Pediatrics The nurse is creating a plan of care for a 7-year-old child diagnosed with acute glomerulonephritis (GN). The nurse would include which priority intervention in the plan of care? 1.) Force oral fluids to prevent hypovolemic shock 2.) Encourage limited activity, and provide safety measures 3.) Catheterize the child to strictly monitor intake and output (I&O) 4.) Encourage classmates to visit and to keep the child informed of school events

Answer: 2 Rationale: Acute GN is the sudden onset of hematuria, proteinuria, and red blood cell (RBC) casts in the urine. Activity is limited, and most children, because of fatigue voluntarily restrict their activities during the active phase of acute glomerulonephritis. Fluids would not be forced. Catheterization may cause infection. Visitors would be limited to allow for adequate rest.
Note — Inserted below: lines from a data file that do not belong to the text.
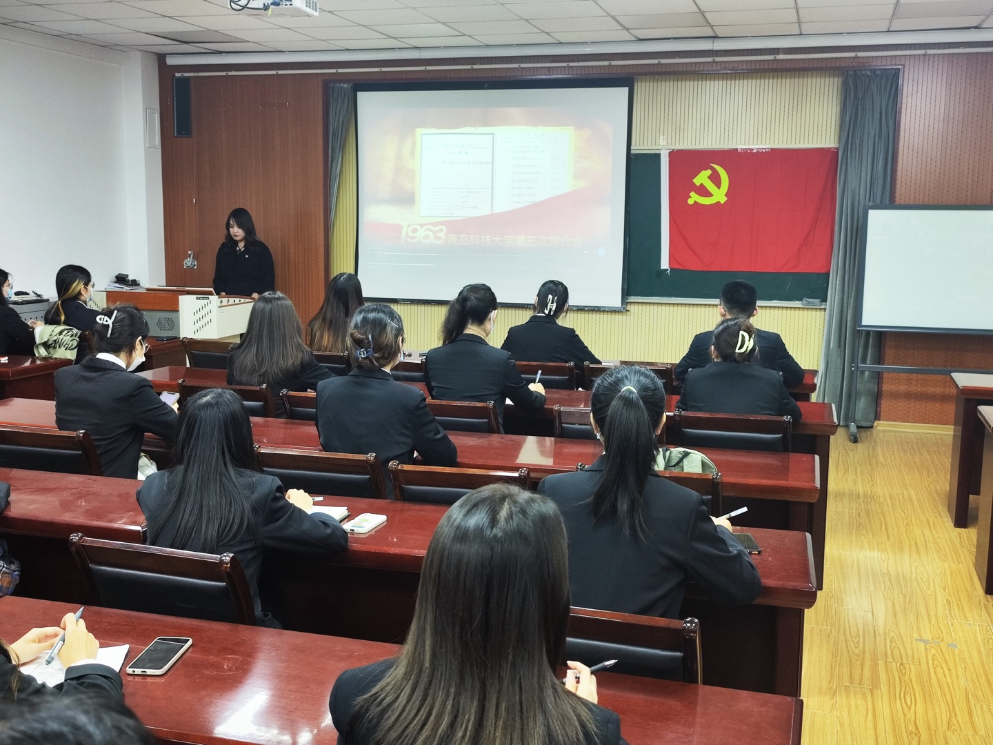 随后,全体同学做小组研讨交流,4名同学就党代会召开背景、战略目标、我的党员故事等角度进行交流分享,全体党员纷纷表示,作为青年学生党员,要树立正确的理想信念,努力提高个人的思想道德品质和科学文化素养,努力跑出当代青年的最好成绩,为把我校建设成为特色鲜明、走在前列的高水平大学而努力奋斗,共同谱写学校更加辉煌的崭新篇章!
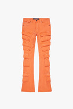 "PINNACLE” STACKED FLARE JEAN TANGERINE
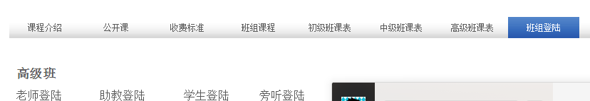 如下图所示,找到“班组登陆”中的高级班,点击“旁听登陆”,直接进入课堂:
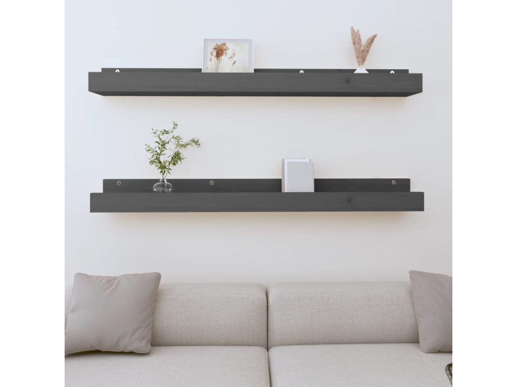 Nástěnné police 2 ks šedé 110 x 12 x 9 cm masivní borové dřevo 823596
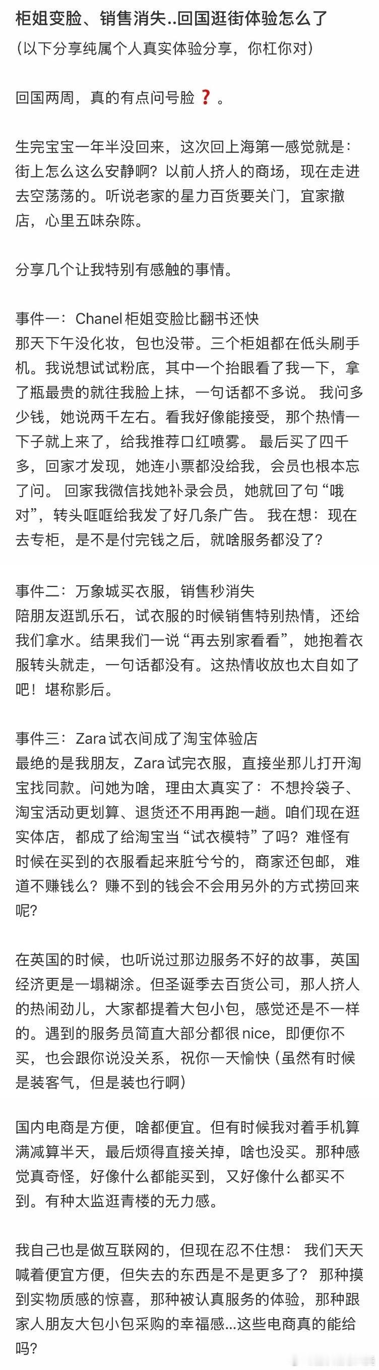 回国逛街体验变化:柜姐态度转变,销售消失。

Fundamentals The clinic nurse is caring for an infant who has been diagnosed with primary hypothyroidism. The nurse is reviewing the results of the laboratory tests for thyroxine (T4) and thyroid-stimulating hormone (TSH). Which laboratory finding indicates a diagnosis of primary hypothyroidism? 1.) A normal T4 level 2.) An elevated T4 level 3.) An elevated TSH level 4.) A decreased TSH level

Answer: 3 Rationale: Diagnostic findings in primary hypothyroidism include a low T4 level and a high TSH level. The remaining options are not diagnostic findings of this condition.

Management, Prioritization and Delegation The nurse obtains this information about a 60-year-old client with who has a shingles infection. Which finding is of most concern? 1.) The client has had symptoms for about 2 days 2.) The client has a severe burning-type discomfort 3.) The has not had the herpes zoster vaccination 4.) The client's spouse is currently receiving cancer chemotherapy

Answer: 4 Rationale: Because exposure to clients with shingles may cause herpes zoster infection (including systemic infection) in individuals who are immune suppressed, teaching about how to prevent transmission and possible evaluation and treatment of the client's spouse is needed. Antiviral treatment is most effective when started within 72 hours of symptom development. The client will need analgesics to treat the pain associated with shingles and may receive vaccination, but the biggest concern is possible infection of the client's spouse.

Mental Health The home health nurse visits an agoraphobic client who experiences panic attacks. Which statement by the client would indicate a therapeutic response to behavioral and pharmacological treatment? 1.) "I took an extra pill for anxiety and got through the funeral fairly well". 2.) "I worry that if I don't take my anxiety pill on time, I'll have one of those attacks". 3.) "Taking my anxiety pills before I leave has helped me to cross the bridge and go to work every morning." 4.) "I went to the movies with my family and stayed through the whole film by sitting in a seat along the aisle."

Answer: 4 Rationale: Generalizing fears to a specific place or situation is the hallmark of agoraphobia. Improvement is observed when the client is able to demonstrate appropriate coping behaviors for anxiety reduction. Taking extra anxiety medication would not indicate improvement. "Clock-watching" with regard to the medication schedule is also not a sign that the client is responding well to the treatment.

Management, Prioritization and Delegation A client admitted to the emergency department reports new-onset itching of the trunk and groin. The nurse notes multiple reddened wheals on the chest, back, and groin. Which question should the nurse ask next? 1.) "Do you have a family history of eczema?" 2.) "Have you been using sunscreen regularly?" 3.) "How do you usually manage stress?" 4.) "Are you taking any new medications?"

Answer: 4 Rationale: Wheals are frequently associated with allergic reactions, so asking about exposure to new medications is the most appropriate question for this client. The other questions would be useful in assessing the skin health history but do not directly relate to the client's symptoms.